■ **Task**: Retype only the lines that run from the top of the material below to the line bearing "大麵積運用橄欖木+高原雪橡/", inclusive, and keep the pictures out.

■ **Data below**:
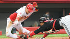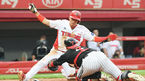 [OSEN=광주,박준형 기자] 5일 오후 광주시 북구 광주-KIA 챔피언스필드에서 '2019신한은행 MYCAR KBO리그' KIA 타이거즈와 LG 트윈스의 경기가 진행됐다.3회말 무사 2루 KIA 터커의 외야플라이때 2루 주자 박찬호가 홈에서 이성우 포수의
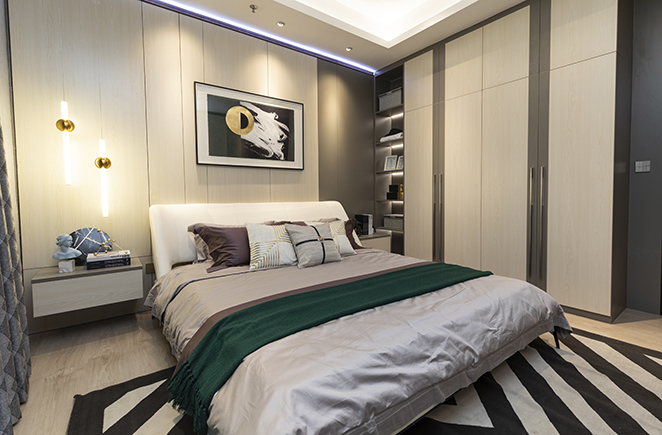 大麵積運用橄欖木+高原雪橡/印象白的撞色搭配,給人明朗、活潑、自然之感。橄欖木護牆係統,隔音防潮,營造舒適睡眠空間。嵌入式衣櫃及推拉門設計,不占用空間,將簡潔風格發揮到極致。
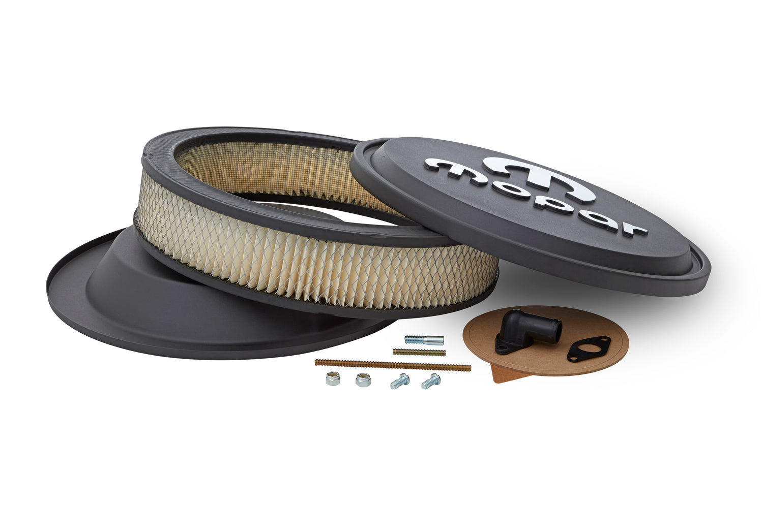 Description_MKT | Slant-Edge Air Cleaners are the perfect way to complete your dress-up look in premium Slant-Edge style. If you've got black valve covers, this thing will set your engine bay OFF like no other air cleaner. The over-sized CNC machined MOPAR emblem is next level. They are supplied with genuine 3" GM air filter elements (GM P/N 6421746, AC Delco P/N A212CW) for maximum airflow. Each kit is supplied with necessary mounting hardware. Technical Note: After installing a new air cleaner, always lower the hood slowly to confirm sufficient clearance visually. Minimum clearance of 3-3/4" is required from the top of the carburetor gasket area to the underside of the hood. The air cleaner base is recessed for a low profile appearance. Patented Design. |

■ **Your solution**:
 [OSEN=광주,박준형 기자] 5일 오후 광주시 북구 광주-KIA 챔피언스필드에서 '2019신한은행 MYCAR KBO리그' KIA 타이거즈와 LG 트윈스의 경기가 진행됐다.3회말 무사 2루 KIA 터커의 외야플라이때 2루 주자 박찬호가 홈에서 이성우 포수의
 大麵積運用橄欖木+高原雪橡/印象白的撞色搭配,給人明朗、活潑、自然之感。橄欖木護牆係統,隔音防潮,營造舒適睡眠空間。嵌入式衣櫃及推拉門設計,不占用空間,將簡潔風格發揮到極致。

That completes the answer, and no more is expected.